A competitive ELISA assay was used to detect antibiotics. A test solution was prepared by mixing 50μL of CAP solutions in varying concentrations (ranging between 0ng/mL to 100ng/mL) with 50μL of 500ng/mL CAP-HRP. Then, the antibody immobilized membranes were exposed to the mixture solution under gentle agitation for 20 mins. Then, the membranes were washed with the PBS buffer and dried in air. A TMB substrate was prepared by mixing 100μL of 0.6 wt% TMB solution, 25μL of 1 wt% H2O2 aqueous solution, and 6.25 mL of citric acid buffer together. 20 μL of the as-prepared TMB substrate was added onto the membranes, and the membranes were placed in an LED lightbox (E mart) for 15 mins. A colorimetric signal was observed under the LED light (Lux 10,000). The colorimetric signal was captured by a smartphone (iPhone 6s) and quantitatively analyzed by Image J software. The smartphone camera was kept at the top of nanofibrous membranes with the fixed distance at 50cm to record the digital images of membranes. Then, the red, green, and blue values (RGB values) in the red channel (R value) could be scanned by an installed imaging app (ColorAssist) after transferring digital images to a computer. Moreover, the R values were utilized to analyze the concentration of CAP. The sample size is three for all experiments.

2.6. Analysis of colorimetric signals from conventional ELISA

The CAP solutions in varied concentrations were analyzed by both 96-wells plate-based and nitrocellulose membrane-based ELISAs, respectively. The antibody solution was diluted to concentrations of 2g/L and was added to each well or each membrane, respectively. The samples were incubated in a bio-oven at 37°C for 1 hour. Then, the procedures of blocking, rinsing, and addition of a test solution and TMB substrate were conducted as described in experimental section 2.5. The absorbance intensity of 96-wells plate-based ELISA was recorded by a microplate reader (ThermoFisher Inc.). A smartphone (iPhone 6s) was used to analyze the colorimetric signal from the nitrocellulose membrane-based ELISA.
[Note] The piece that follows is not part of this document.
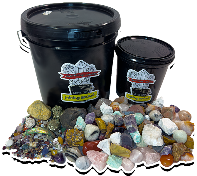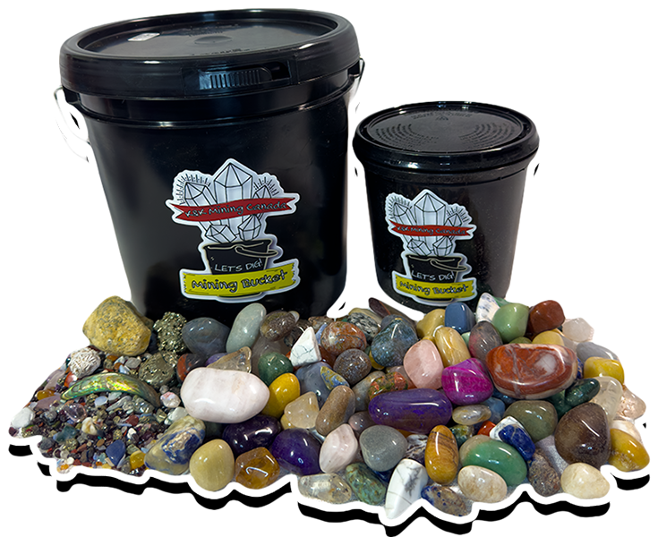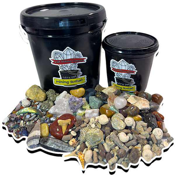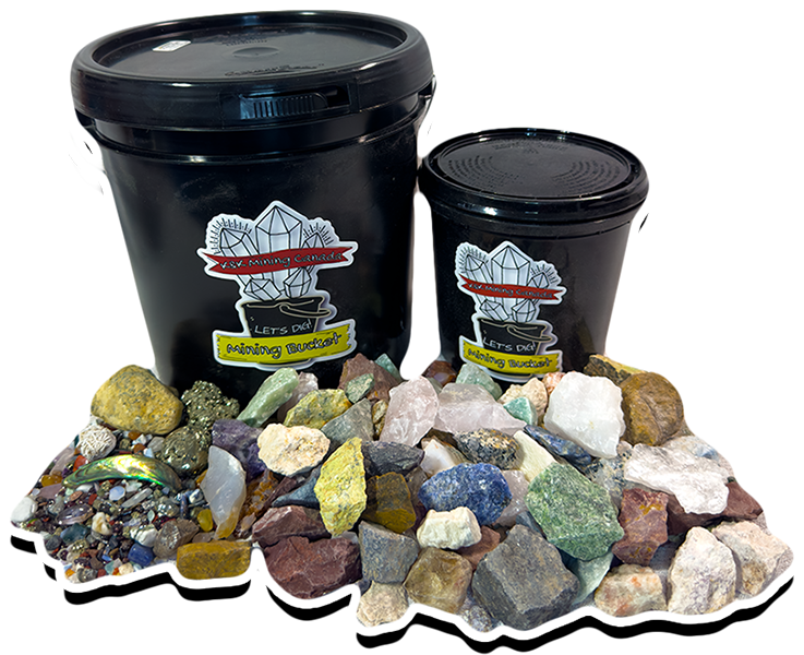 We aim to include a Break-Your-Own Geode, Pyrite, Desert Rose & Abalone Shell Pieces in every bucket!
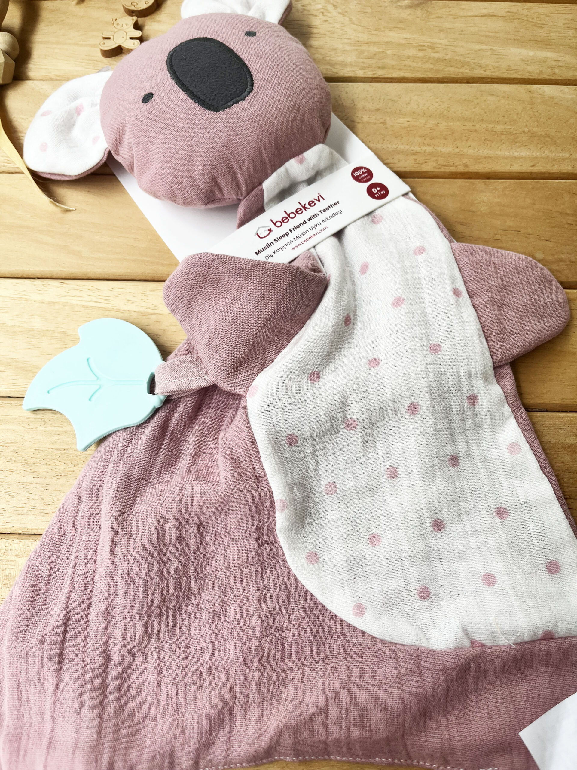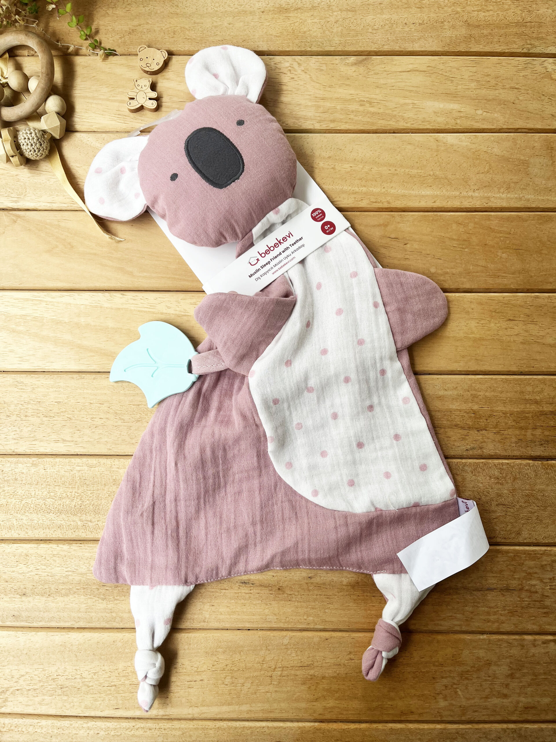 Sevimli Yaprak Diş Kaşıyıcılı Koala %100 Pamuklu Müslin Uyku Arkadaşı – Gül Kurusu

2.7. Test of salmon sample

Salmon samples were purchased from local supermarkets in Davis, CA. 1 g of salmon samples were mixed with 3 mL of PBS solution. The mixture was homogenized at a vortex oscillator and filtered by a Millipore column to remove solids and lipids.18 Various concentrations of CAP were added into the filtered solution to make spiked samples. Subsequently, 50μL of the filtrate was mixed with 50μL of 500ng/mL CAP-HRP to prepare a test solution, which was directly added to the functional nanofibrous membranes following the procedure described in section 2.5.

3. Results and Discussion

3.1. Fabrication of nanofibrous membrane-based ELISA

In the present study, the incorporation of the antibody onto the surfaces of nanofiber membranes could increase sensitivity and produce color signals readable by naked eyes. Schematic design and workflow of the nanofiber membrane-based ELISA immunosensor are shown in Scheme 1. PVA-co-PE was selected as a polymer to produce nanofibrous membranes by electrospinning. The electrospinning process fabricates nano-size fiber and provides an ultra-high specific area for membranes. An SEM image of a PVA-co-PE nanofibrous membrane is shown in Figure 1a, with an average fiber diameter of approximately 400nm and micro-size pores (Figures 1a and 1b). PVA-co-PE nanofibrous membranes were previously shown to provide desired reactions with proteins19. Here, hydroxy groups on the material could be activated by GA, CC or DSC for immobilization of antibodies. (Figure 1c).

Scheme1.

Scheme1.

Design, fabrication, and work mechanism of nanofibrous membrane-based ELISA.

Figure 1.

Figure 1.

Microstructure and chemical modifications of nanofibrous membranes. a) SEM and b) Fiber diameter distribution of PVA-co-PE membrane; c) Reaction schemes of PVA-co-PE membrane with three reagents (CC, GA, and DSC) and proteins; d) FTIR spectra of PVA-co-PE membranes before and after modifications of CC, GA, and DSC; e) SEM images and f) Fiber distributions of these nanofibrous membranes after reactions with CC, GA, and DSC; g) Water contact angles of these membranes.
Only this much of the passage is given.